Cutaneous wound healing is associated with the unpleasant sensation of itching. Here we investigated the mechanisms underlying this type of itch, focusing on the contribution of soluble factors released during healing. We found high amounts of interleukin 31 (IL-31) in skin wound tissue during the peak of itch responses. Il31^−/− mice lacked wound-induced itch responses. IL-31 was released by dermal conventional type 2 dendritic cells (cDC2s) recruited to wounds and increased itch sensory neuron sensitivity. Transfer of cDC2s isolated from late-stage wounds into healthy skin was sufficient to induce itching in a manner dependent on IL-31 expression. Addition of the cytokine TGF-β1, which promotes wound healing, to dermal DCs in vitro was sufficient to induce Il31 expression, and Tgfbr1^f/f CD11c-Cre mice exhibited reduced scratching and decreased Il31 expression in wounds in vivo. Thus, cDC2s promote itching during skin would healing via a TGF-β-IL-31 axis with implications for treatment of wound itching.

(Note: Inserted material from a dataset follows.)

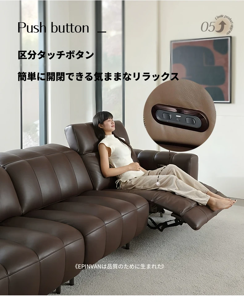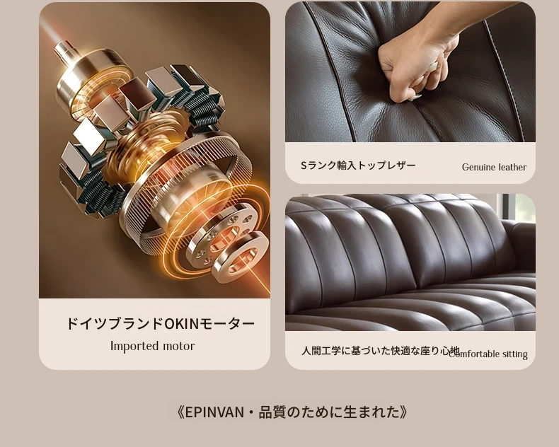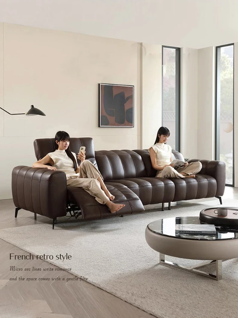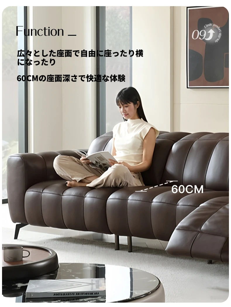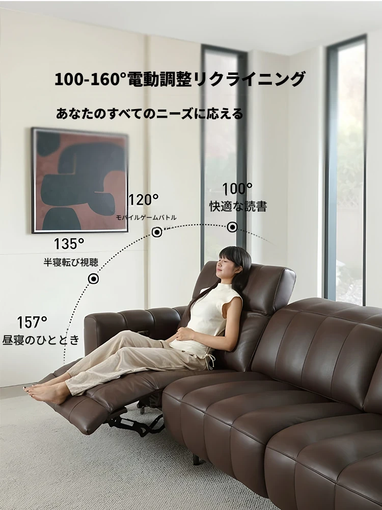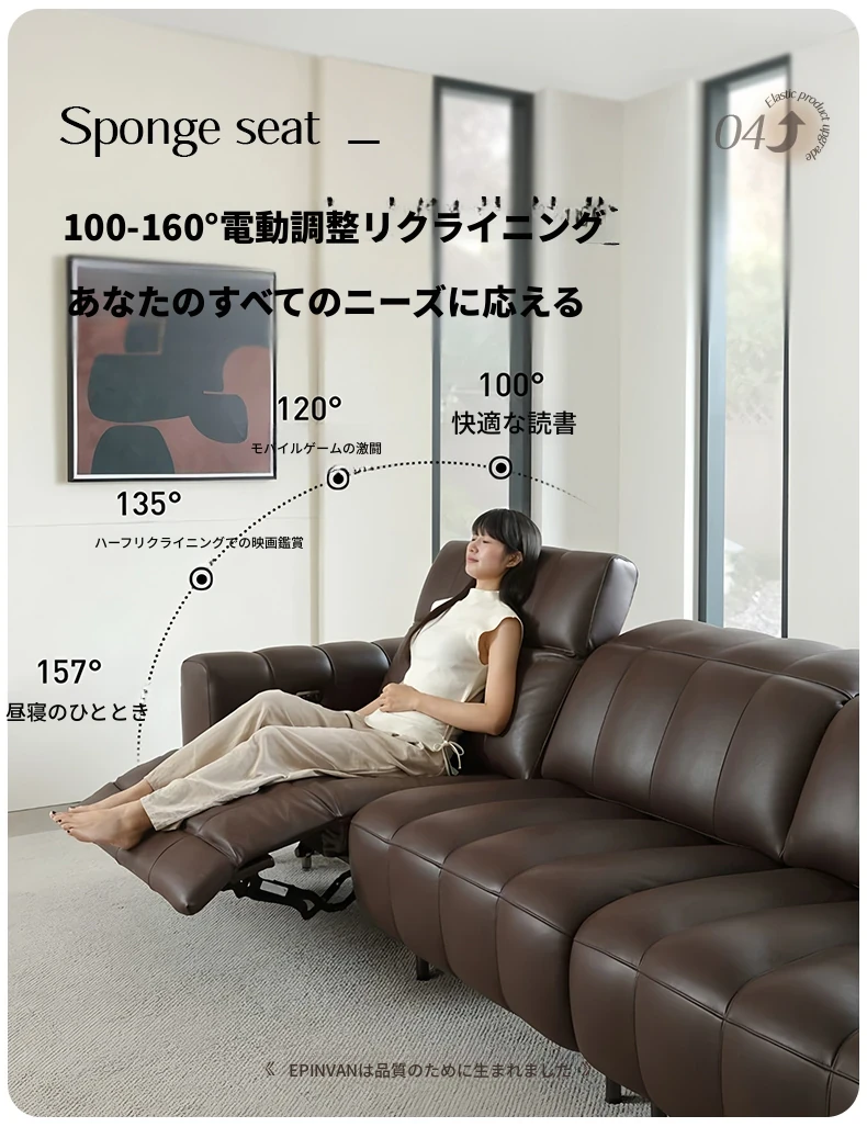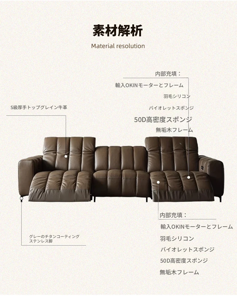イタリアンミニマル電動ソファ - 本革・第一層牛革使用、ピアノキー調整機能搭載!猫の爪にも強いレザー仕上げで、スタイリッシュなリビング空間を演出します。快適さとデザインを両立した高品質ソファです!

皮肤伤口愈合与瘙痒的不适感有关。在这里，我们研究了这种瘙痒的潜在机制，重点是在愈合过程中释放的可溶性因子的贡献。我们在瘙痒反应高峰期的皮肤伤口组织中发现了大量的白介素31（IL-31）。Il31 ^-/-小鼠缺乏伤口诱导的瘙痒反应。IL-31由募集到伤口的皮肤常规2型树突状细胞（cDC2s）释放，并增加了瘙痒感觉神经元敏感性。从晚期伤口分离的cDC2转移至健康皮肤足以以依赖IL-31表达的方式诱导瘙痒。在体外向皮肤DC添加促进伤口愈合的细胞因子TGF-β1足以诱导Il31表达和Tgfbr1 ^{f / f} CD11c-Cre小鼠在体内伤口中显示出减少的抓挠和Il31表达的降低。因此，cDC2s促进皮肤瘙痒，将通过TGF-β-IL-31轴愈合，从而有助于治疗伤口瘙痒。